= Beginning of Section =

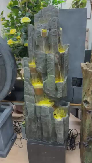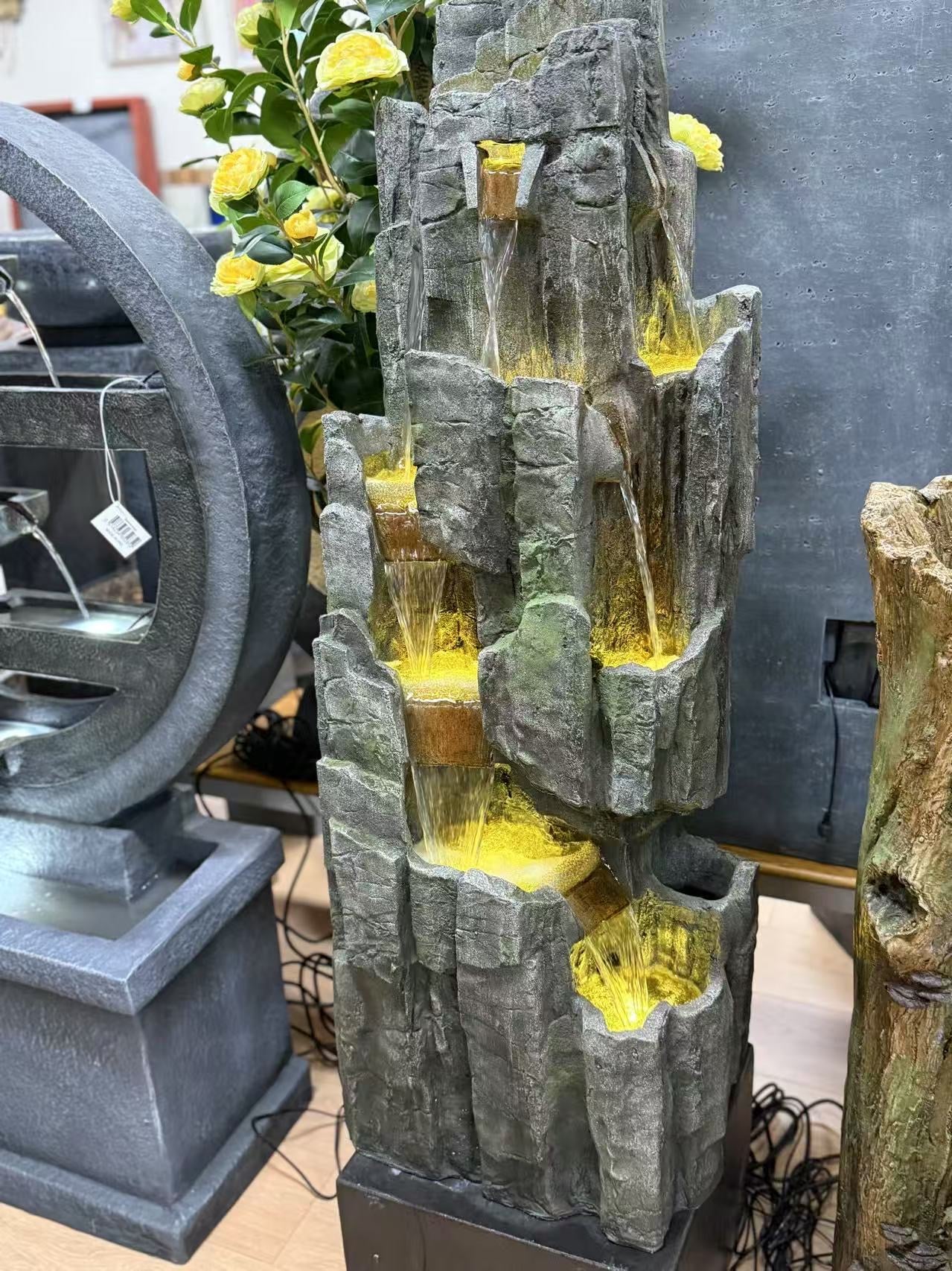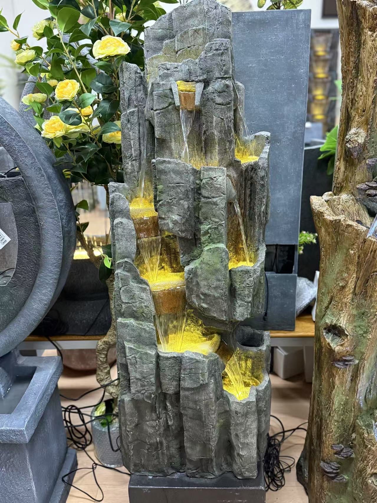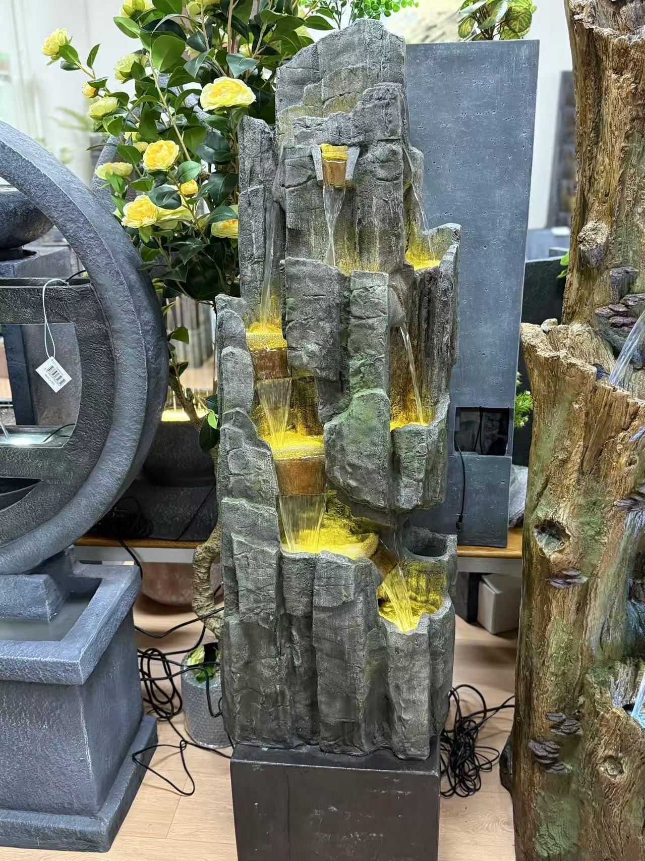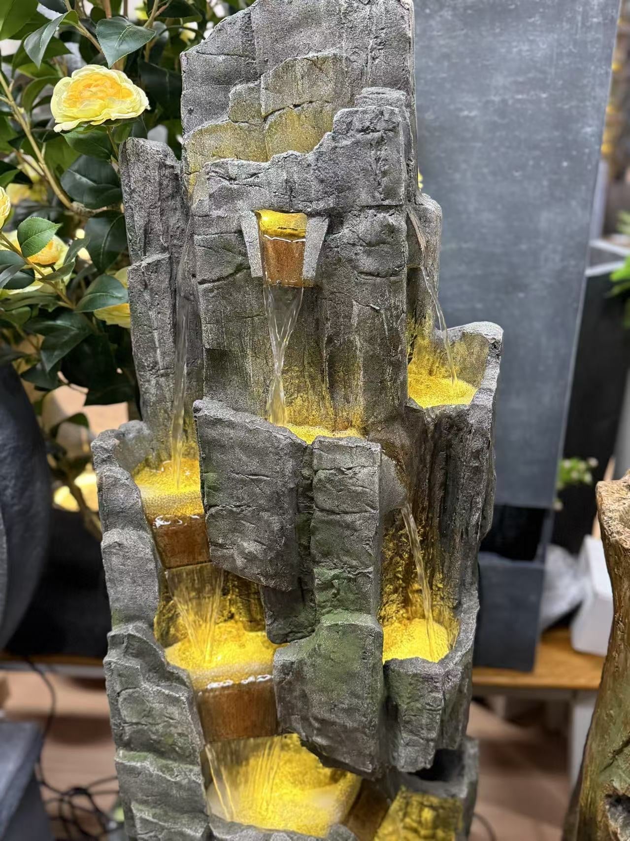 Firestone Rock Fountain Great Sound and Lights on each level Caves Effect
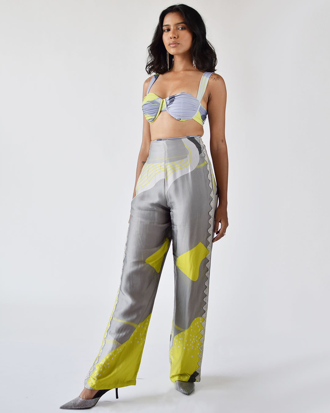 An abstract print pant that makes you feel chic with the embroidery detailing.
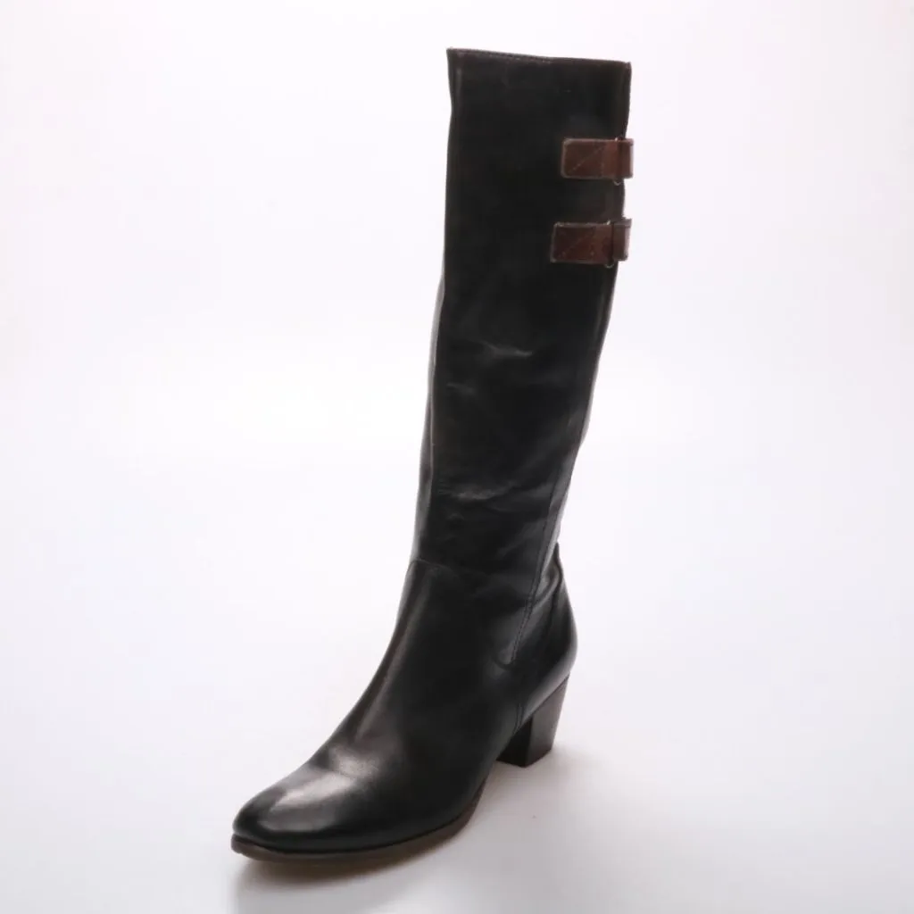 Женские сапоги Tamaris из гладкой кожи на устойчивом каблуке, с застёжкой на молнии и декоративными ремешками сверху. Подойдут для повседневной носки в демисезон, хорошо сочетаются с платьями и джинсами. Практичное преимущество — удобный каблук и прочн...
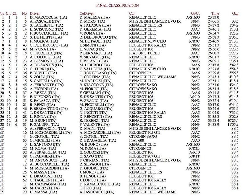 Dopo la ps 1, Valerio Cologgi di 5,3 km, in testa c'erano Taglienti e Falasca con un solo secondo su Marcoccia-Malizia; nella seconda ps l'equipaggio sulla S1600 balzava avanti rifilando 2,7 secondi a Speranzini-Maini; Pascale-Moro si aggiudicavano la terza prova speciale, poi l'equipaggio recente vincitore in Ciociaria con il n.1 sulle fiancate, risaliva prepotentemente nelle ultime due ps.
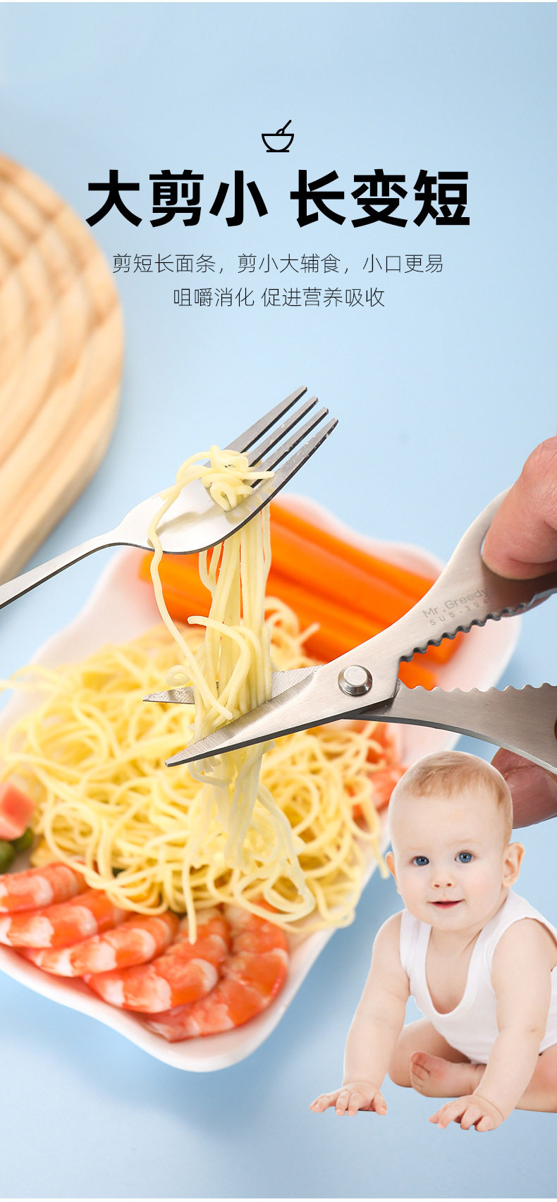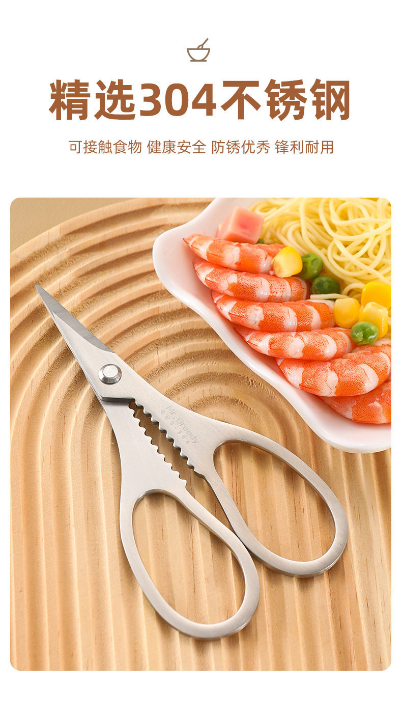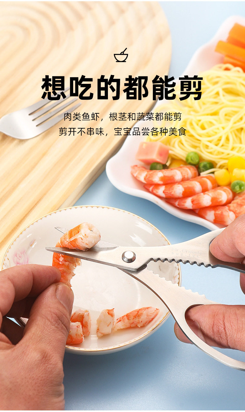 Kitchen Multifunctional 304 Stainless Steel Food Supplement Scissors Crab Lobster Powerful Kidsren's Baby Food Scissors

= End of Section =

Retype, exactly and with no pictures, everything above from the line with "An abstract print" down to the line with "Dopo la ps 1, Valerio", both included.

 An abstract print pant that makes you feel chic with the embroidery detailing.
 Женские сапоги Tamaris из гладкой кожи на устойчивом каблуке, с застёжкой на молнии и декоративными ремешками сверху. Подойдут для повседневной носки в демисезон, хорошо сочетаются с платьями и джинсами. Практичное преимущество — удобный каблук и прочн...
 Dopo la ps 1, Valerio Cologgi di 5,3 km, in testa c'erano Taglienti e Falasca con un solo secondo su Marcoccia-Malizia; nella seconda ps l'equipaggio sulla S1600 balzava avanti rifilando 2,7 secondi a Speranzini-Maini; Pascale-Moro si aggiudicavano la terza prova speciale, poi l'equipaggio recente vincitore in Ciociaria con il n.1 sulle fiancate, risaliva prepotentemente nelle ultime due ps.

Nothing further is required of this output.